RE: vu ou vue ?
Bonjour,
Dans le roman de Patrick Modiano « Pour que tu ne te perdes pas dans le quartier », cette phrase me titille :
« Par la fenêtre, il l’avait vu s’éloigner vêtue de sa chemise et de son pantalon noirs. »
Vu ne doit-il pas s’accorder avec l’ qui est féminin ??
Merci d’avance
Patrick Modiano a-t-il fait une faute ou pas ; la question, simple en apparence, est en réalité très complexe.

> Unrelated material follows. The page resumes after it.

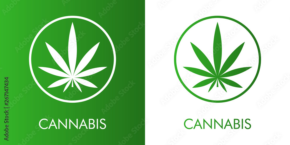 Tableau sur toile Logotipo abstracto con texto CANNABIS con hoja de marihuana en círculo en verde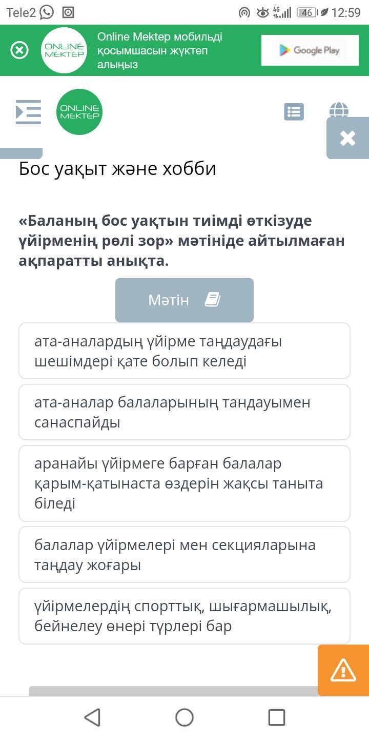 БАЛАНЫҢ БОС УАҚЫТЫН ТИІМДІ ӨТКІЗУДЕ ҮЙІРМЕНІҢ РӨЛІ ЗОР МӘТІНІНДЕ АЙТЫЛМАҒАН АҚПАРАТТЫ АНЫҚТА!

La règle est que le participe passé conjugué avec avoir et suivi d’un infinitif s’accorde avec le complément d’objet direct qui précède lorsque ce complément se rapporte au participe, c’est-à-dire, de façon pratique, lorsqu’il fait l’action exprimée par le verbe à l’infinitif (faire fait exception) : les violonistes que j’ai entendus jouer étaient des virtuoses.
Selon la règle donc, Patrick Modiano aurait dû écrire : « Par la fenêtre, il l’avait vue s’éloigner vêtue de sa chemise… »
Cependant, Grevisse, dans le Bon usage, fait cette analyse subtile : « Nous avons donné […] la règle reçue, et il vaut mieux s’y tenir. Mais son fondement n’est pas assuré. Dans Je les ai vus partir, on pourrait considérer que le véritable complément d’objet est la proposition infinitive [infinitif avec son sujet].
En tout cas, l’usage est hésitant, et plus d’un auteur laisse le partic. invariable dans tous les cas, conformément à l’analyse que nous venons de donner : […] Il avait vu les mitraillettes braquées sur lui, les avait entendu tirer (Malraux) […] Lorsqu’elle eut retrouvé ses esprits, on l’avait entendu murmurer (M. de Saint-Pierre) […] Les dictionnaires sont ou devraient être le reflet de la civilisation qui les a vu naître (G. Matoré) » (le Bon usage, § 951).
Patrick Modiano a-t-il été conscient de cette dernière analyse et laissé volontairement vu invariable ou a-t-il commis une incorrection involontaire ? Lui seul peut répondre. En toute humilité, il vaut mieux admettre que c’est un choix et accepter, en ce qui concerne Patrick Modiano, Par la fenêtre, il l’avait vu s’éloigner vêtue de sa chemise…
Ce sujet du choix du complément d’objet est très complexe,, et n’étant ni Flaubert ni Malraux (ni Modiano), la prudence me dicte de m’en tenir à la règle.